Keep Chipping Ice

I decanted a lot of sauerkraut yesterday; today I put a fresh batch in the crock. The world might be mad, but fermentation remains the same. The microbes do not GAF, as my kids might say.

The clouds have moved in. We’re looking at rain for the weekend, which of course pleases me to no end, since I have to finish this damn zero and it’s dragging. I feel like I’m waiting for the ice on a Russian river to break up, with that immense creaking and cracking you can’t forget once you’ve heard it. Soon everything will break and the torrent will carry me down to the sea of having finished another gat-damn book.

In other news, the portal fantasy I wrote at white heat during my lockdown nervous breakdown seems to be an actual book and not just a collection of disjointed mutterings. At least, so my beta readers and agent say, and since I can’t see the forest for the trees right now I’m going to have to take their word for it.

That is, after all, why one has beta readers and partly why one has an agent. You can’t see the book clearly when it’s less than an inch from your nose; you need a second (or third, or fourth) pair of eyes on the thing, yelling the description so you can guess. Trust is essential, and so is the commitment to be gentle and truthful at once. If not for my beta readers loving the portal fantasy, I would have kept it on my hard drive and not allowed it to go to my agent, which she says would be a great loss.

The dogs seem to sense I have finished my coffee and are lobbying hard for a walk. Despite the hour I can hear a leaf blower going somewhere in the neighborhood; it is gloomy outside and that is the way I like it. A new book is trying to push its way through the noise in my head, but I’ve enough to do without adding it to the pile; it will have to stay just a series of disconnected images and dialogue inside my head.

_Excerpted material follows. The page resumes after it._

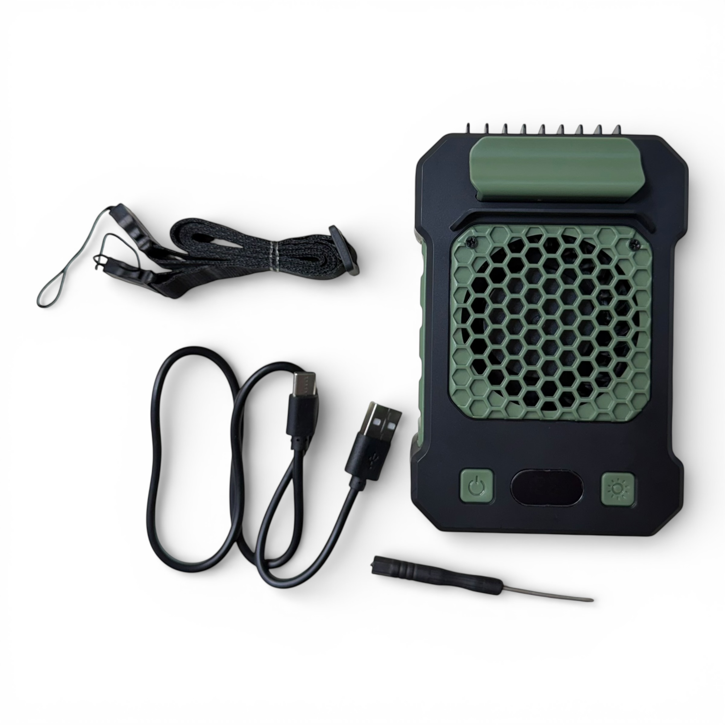 Uso Táctico: Enganchá el clip principal en el cinturón y el clip pequeño en el borde de la remera para crear un túnel de aire frío ascendente.
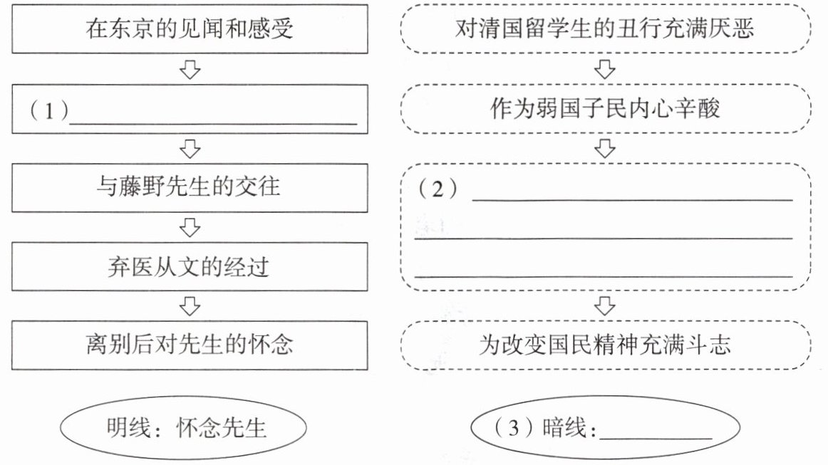 2. 这篇回忆性散文表达了作者对藤野先生真挚的怀念。作者在叙述的过程中,除了回忆藤野先生这条明线外,还有暗线。请精读文章,把下面的结构图填补完整。

Fortunately, the half-formed stories are a refuge from both actual work and the raging torrent of bad news that is current events. I can crawl into the stories when I need some respite. I don’t know how people without that safety do it.

So it’s time to chaperone the fuzzy quadrupeds, haul my reluctant carcass on a run–the new shoes are doing all right, though I could wish for a bit more cushioning–and a whole day spent in a city under siege. Maybe I’ll begin to hear the distant song of cracking ice, maybe not.

Sooner or later, though, if I just keep chipping, something will happen. I have to believe that, or I might as well give up entirely.